The oxygen and carbon cycle

QUESTIONS:

Make a list of living organisms that produce both oxygen and carbon dioxide in this picture.



Tree, reeds, water plants, and shrubs on the bank

Identify three living organisms that cannot produce oxygen in this picture.


Fish, duiker (buck), squirrel, dragonfly

Predict what you think would happen if all the animals were removed from this habitat.




Probably not much would change as the leaves that decay would still give off carbon dioxide for the plants to use, as well as the carbon dioxide that the plants produce themselves.

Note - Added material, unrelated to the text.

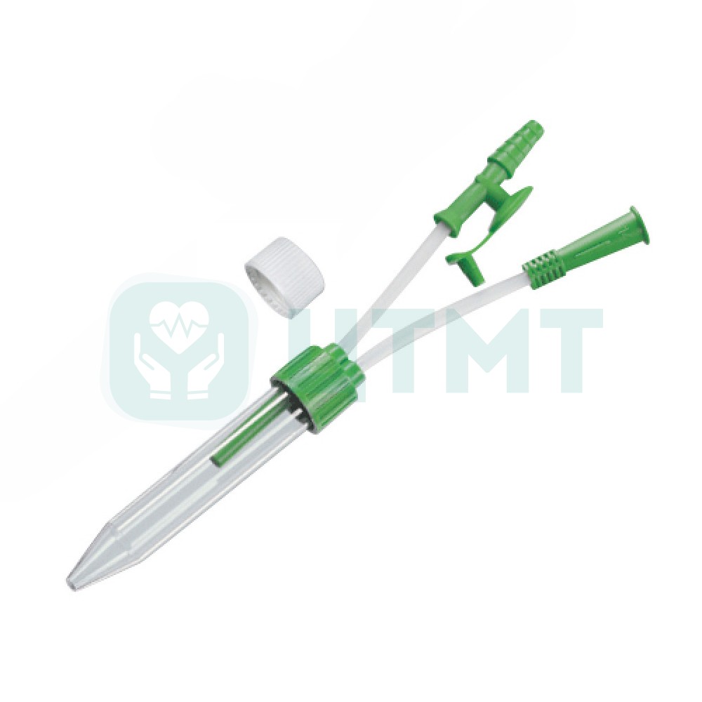 Устройства для забора проб трахеобронхиальных аспиратов с целью бактериологического или цитологического исследования у пациентов, которым проводится искусственная вентиляция легких. Это позволяет на ранних стадиях выявить вентилятор-ассоциированную пневмонию, правильно подобрать и своевременно изменить терапию. Забор исследуемого материала должен проводиться в стерильных условиях во избежание соприкосновения материала с внешней средой. Трахеа-Сет представляет собой замкнутый контейнер емкостью 10 мл, в крышке которого имеются два выхода (один для присоединения аспирационного катетера, второй – для соединения с источником вакуума).
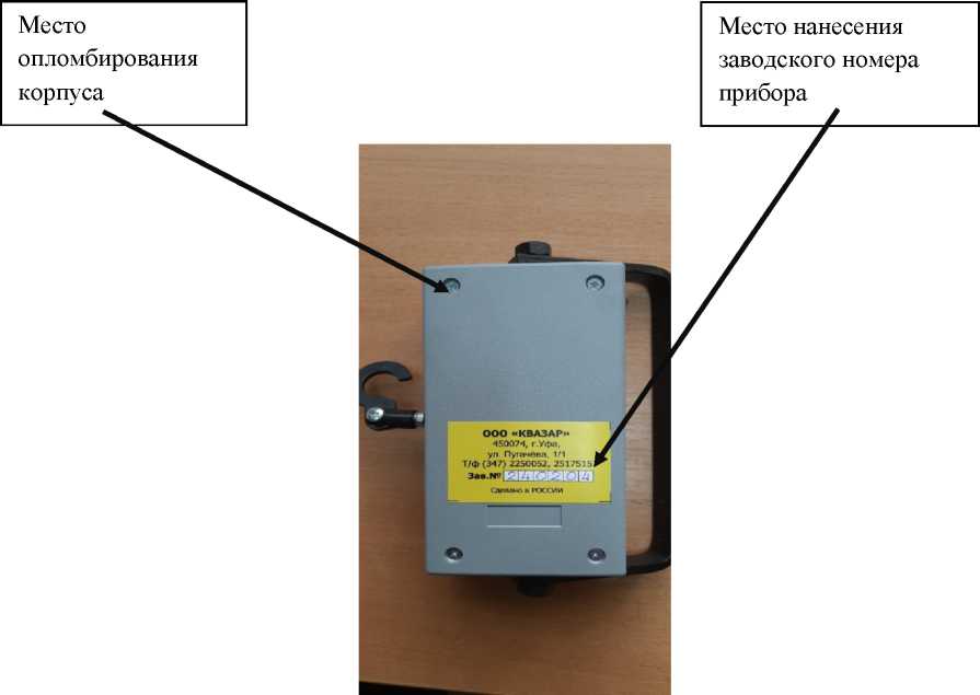 Заводской номер вписывается несмываемыми чернилами в специально отведённые поля в табличке, которая вклеивается на обратную сторону прибора. В табличку типографским способом вносятся наименование изготовителя, почтовый адрес и телефон.

What two life processes are involved in the carbon dioxide/oxygen cycle?


breathing in oxygen and giving off carbon dioxide

Complete this cycle by filling in the missing information for the two arrows on the left hand side of the illustration. Supply the labels for arrows 1 and 2.



  • Arrow 1: Plants produce oxygen
  • Arrow 2: Animals breathe out carbon dioxide

Explain why animals would not survive if all the plants on earth were to suddenly die.




  • Animals need oxygen for their cells to work and to carry out life processes.
  • If animals do not have oxygen they cannot carry out the life processes and will die.
  • Plants also produce food from the sun that animals need to eat for energy to carry out the life processes.

Why do we say the oxygen and carbon dioxide are in a cycle?



For life on Earth to continue, there needs to be an unlimited supply of carbon dioxide and oxygen. It is in a cycle to ensure that similar amounts of both are produced.



  • Plants produce their own food (glucose) by a process called photosynthesis.
  • Photosynthesis takes place mainly in the leaves.
  • During photosynthesis the plant uses chlorophyll, sunlight energy, carbon dioxide (from the atmosphere) and water to make glucose.
  • Plants change some of the glucose (sugar) into starch which they store in their leaves, stems and roots, flowers, fruits and seeds.
  • Animals take in oxygen from the air and produce carbon dioxide when they breathe.
  • Plants recycle carbon dioxide and make oxygen during the process of photosynthesis.


List the four things that are vitally important for plants and photosynthesis.



Sunlight energy, water, carbon dioxide, chlorophyll

Choose words from the word box to complete the following sentences. Write the sentences out in full.

Word box:

  • organic and inorganic material
  • photosynthesis
  • water
  • air
  • roots
  • sand and rocks
  1. The process when the green parts of plants make food is named _____.

  1. Water and minerals are absorbed by the _____ of plants.

  1. Soil is made up of _____, _____, _____, _____.




  1. The process when the green parts of plants make food is named photosynthesis.
  2. Water and minerals are absorbed by the roots of plants.
  3. Soil is made up of organic and inorganic material, water, air,sand and rocks.

The seedlings that were planted in the newspaper cuttings or cotton wool did not grow very well at all, even though they had sunlight and water. What could they not get from the newspaper or cotton wool that plants normally get from soil?



Nutrients and minerals

Where does photosynthesis usually take place? Explain your answer.




Photosynthesis usually takes place in the leaves. The leaves are green as they contain chlorophyll. Leaves also face the sunlight and are exposed to the most sun to drive the process of photosynthesis.

Do you think photosynthesis takes place at night? Explain your answer.



No, it will not take place. At night there is no sunlight energy to drive the process of photosynthesis.

What is the name given to the sugar that plants produce during photosynthesis?


Glucose

What do plants store glucose as? List some places where it is stored.



Starch, stored in leaves, stems, roots, flowers, seeds, fruits.